--- Entries provided Enclosed Below ---
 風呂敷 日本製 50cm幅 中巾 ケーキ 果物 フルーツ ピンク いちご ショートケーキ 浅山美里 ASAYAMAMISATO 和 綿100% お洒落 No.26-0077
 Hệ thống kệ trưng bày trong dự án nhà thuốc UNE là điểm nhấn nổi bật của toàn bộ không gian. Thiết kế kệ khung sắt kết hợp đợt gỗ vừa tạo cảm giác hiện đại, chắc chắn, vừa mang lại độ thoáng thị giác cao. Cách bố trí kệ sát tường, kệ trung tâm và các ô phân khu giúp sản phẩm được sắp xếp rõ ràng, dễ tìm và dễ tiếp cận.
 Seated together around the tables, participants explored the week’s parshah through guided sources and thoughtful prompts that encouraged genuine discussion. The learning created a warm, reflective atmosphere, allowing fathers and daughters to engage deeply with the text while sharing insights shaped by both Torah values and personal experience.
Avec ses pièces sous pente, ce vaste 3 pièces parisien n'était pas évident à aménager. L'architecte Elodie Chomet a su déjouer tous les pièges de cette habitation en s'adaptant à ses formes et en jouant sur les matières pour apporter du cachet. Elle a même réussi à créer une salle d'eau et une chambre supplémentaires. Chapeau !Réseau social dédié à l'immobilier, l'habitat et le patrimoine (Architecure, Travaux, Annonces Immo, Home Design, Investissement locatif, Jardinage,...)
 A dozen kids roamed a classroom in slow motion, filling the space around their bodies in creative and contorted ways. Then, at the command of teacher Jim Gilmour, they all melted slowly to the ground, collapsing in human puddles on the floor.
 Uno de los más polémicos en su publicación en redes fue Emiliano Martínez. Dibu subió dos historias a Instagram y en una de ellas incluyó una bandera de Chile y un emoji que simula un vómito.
--- End of Enclosed Entries provided ---
*What the exercise asks*. The entries shown above should be copied out word for word.

*Written response*.
 風呂敷 日本製 50cm幅 中巾 ケーキ 果物 フルーツ ピンク いちご ショートケーキ 浅山美里 ASAYAMAMISATO 和 綿100% お洒落 No.26-0077
 Hệ thống kệ trưng bày trong dự án nhà thuốc UNE là điểm nhấn nổi bật của toàn bộ không gian. Thiết kế kệ khung sắt kết hợp đợt gỗ vừa tạo cảm giác hiện đại, chắc chắn, vừa mang lại độ thoáng thị giác cao. Cách bố trí kệ sát tường, kệ trung tâm và các ô phân khu giúp sản phẩm được sắp xếp rõ ràng, dễ tìm và dễ tiếp cận.
 Seated together around the tables, participants explored the week’s parshah through guided sources and thoughtful prompts that encouraged genuine discussion. The learning created a warm, reflective atmosphere, allowing fathers and daughters to engage deeply with the text while sharing insights shaped by both Torah values and personal experience.
Avec ses pièces sous pente, ce vaste 3 pièces parisien n'était pas évident à aménager. L'architecte Elodie Chomet a su déjouer tous les pièges de cette habitation en s'adaptant à ses formes et en jouant sur les matières pour apporter du cachet. Elle a même réussi à créer une salle d'eau et une chambre supplémentaires. Chapeau !Réseau social dédié à l'immobilier, l'habitat et le patrimoine (Architecure, Travaux, Annonces Immo, Home Design, Investissement locatif, Jardinage,...)
 A dozen kids roamed a classroom in slow motion, filling the space around their bodies in creative and contorted ways. Then, at the command of teacher Jim Gilmour, they all melted slowly to the ground, collapsing in human puddles on the floor.
 Uno de los más polémicos en su publicación en redes fue Emiliano Martínez. Dibu subió dos historias a Instagram y en una de ellas incluyó una bandera de Chile y un emoji que simula un vómito.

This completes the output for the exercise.